- Your instructions: Set down every entry exactly as it stands, omitting any picture.
[Start of Attachment]
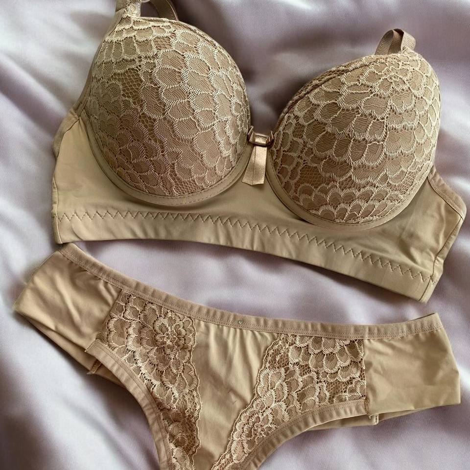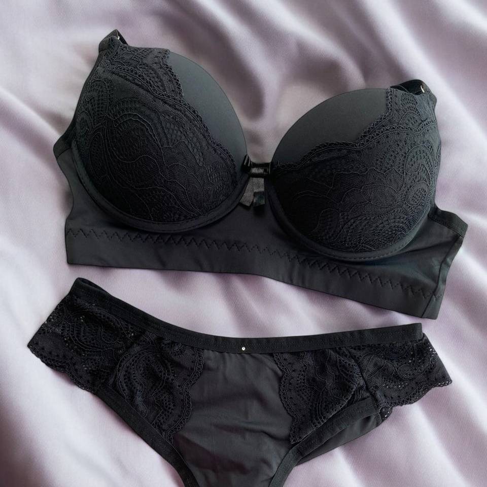 Conjunto encantador confeccionado em tecido de poliamida com delicados detalhes em renda que trazem charme e sofisticação. O sutiã possui reforço para maior sustentação e conforto com fecho de pois pontos, enquanto a calcinha fio duplo garante ajuste perfeito e segurança com laterais e parte de trás em tecido duplo.
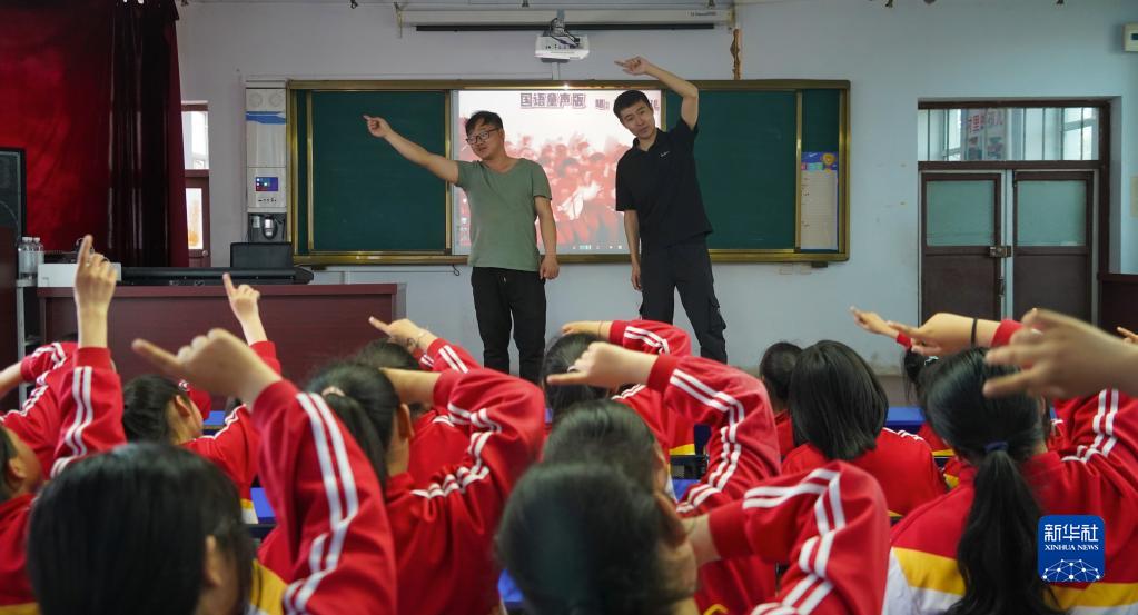 5月30日,在安達市任民鎮中心小學,音樂老師李平(右)和張雨在教室內指導音樂班的孩子們練習唱歌。
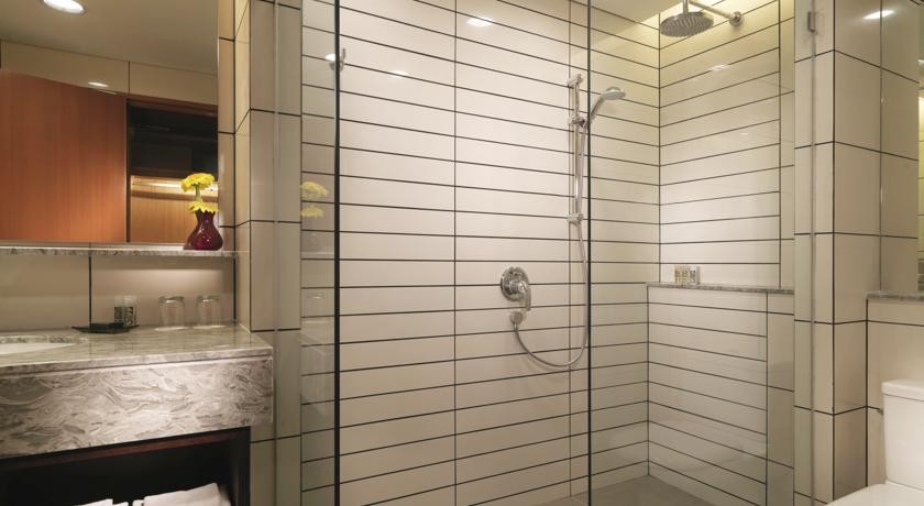 والحمام له باب داخلي بالغرفة، وبه مكان زجاجي مغلق للاستحمام، ومتوفر به ما قد يحتاجه أي نزيل بالفندق من أدوات استحمام وسوائل استحمام، وفوط وبشاكير كبيرة للتجفيف، وجميع خدمات التنظيف متوفرة ومجانية.
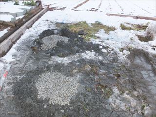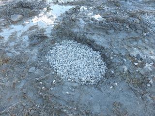 加圧しながら砕石を投入です。
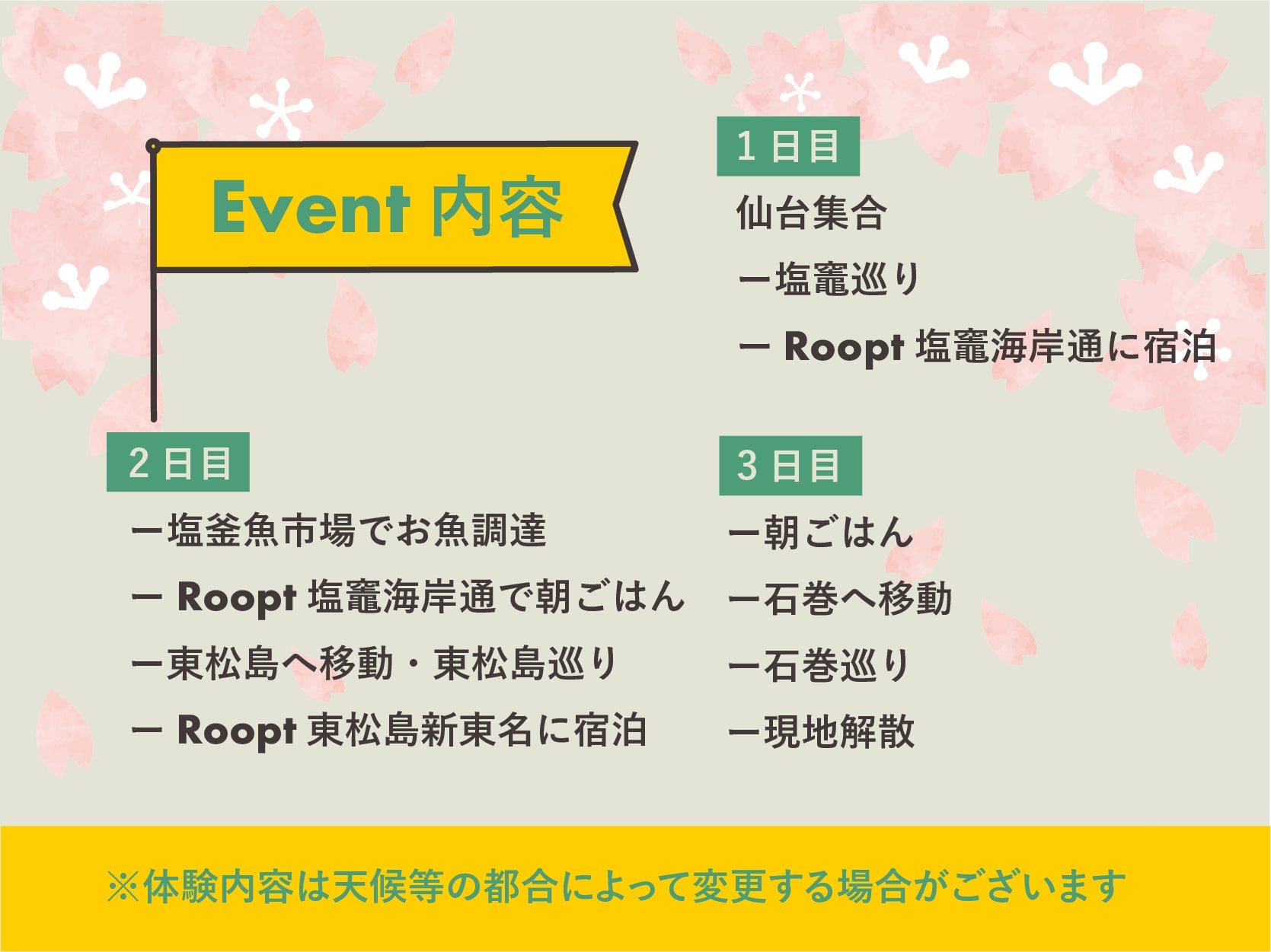 15,000円コース:宮城に春を取り戻せ!Roopt巡り MEET UPイベント参加券 (各回5
[End of Attachment]
- Task solution:
 Conjunto encantador confeccionado em tecido de poliamida com delicados detalhes em renda que trazem charme e sofisticação. O sutiã possui reforço para maior sustentação e conforto com fecho de pois pontos, enquanto a calcinha fio duplo garante ajuste perfeito e segurança com laterais e parte de trás em tecido duplo.
 5月30日,在安達市任民鎮中心小學,音樂老師李平(右)和張雨在教室內指導音樂班的孩子們練習唱歌。
 والحمام له باب داخلي بالغرفة، وبه مكان زجاجي مغلق للاستحمام، ومتوفر به ما قد يحتاجه أي نزيل بالفندق من أدوات استحمام وسوائل استحمام، وفوط وبشاكير كبيرة للتجفيف، وجميع خدمات التنظيف متوفرة ومجانية.
 加圧しながら砕石を投入です。
 15,000円コース:宮城に春を取り戻せ!Roopt巡り MEET UPイベント参加券 (各回5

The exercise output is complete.